Gawilan and Mangliwan, together with Guion, are the athletes who will be returning for another Paralympic stint.
“So we have three new athletes, three 2-time Paralympians, and I’m hoping that in the future we’ll have many more,” Barredo expressed.
With all that the Filipino athletes had to go through, Barredo couldn’t be any prouder to see them all make it to the August 24-September 5 meet, where they look to exceed their two bronze medal finishes in the past.
“Our athletes are very eager to participate and compete starting next week, and are, at least for me anyway, already winners. The mere fact that they’ve made it to the Paralympic Games, I believe, is a win in itself,” he said.

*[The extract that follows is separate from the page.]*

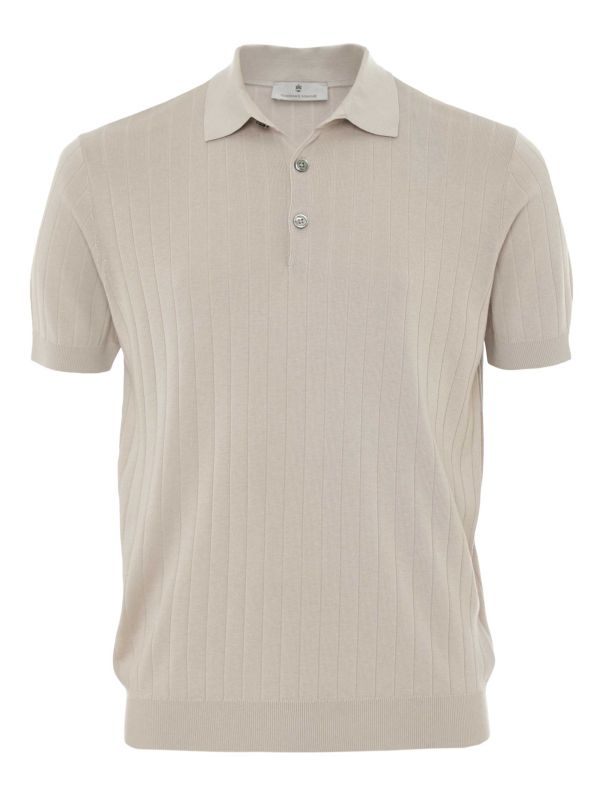 The Thomas Maine Ribbed Knitted Polo Shirt is a tailored knitted short-sleeve polo finished with a classic collar and a three-button placket. Vertical ribbing gives a clean, structured silhouette that layers under lightweight jackets or stands alone for smart-casual looks. The cut is close without feeling tight, with neat ribbed cuffs and hem and tonal four‑hole buttons. A subtle textured knit that balances comfort and precise construction for versatile seasonal styling.

“It’s very difficult to qualify under the conditions, and not only that, with all the competitors around the world. Our six para-athletes are now considered elite athletes, not just in the Philippines, but all over the world.
“So I’m hoping that to add to their courage and determination, they will be able to prove that certainly, equality is important and of course, to inspire and excite the world and of course, the Filipino people,” Barredo closed.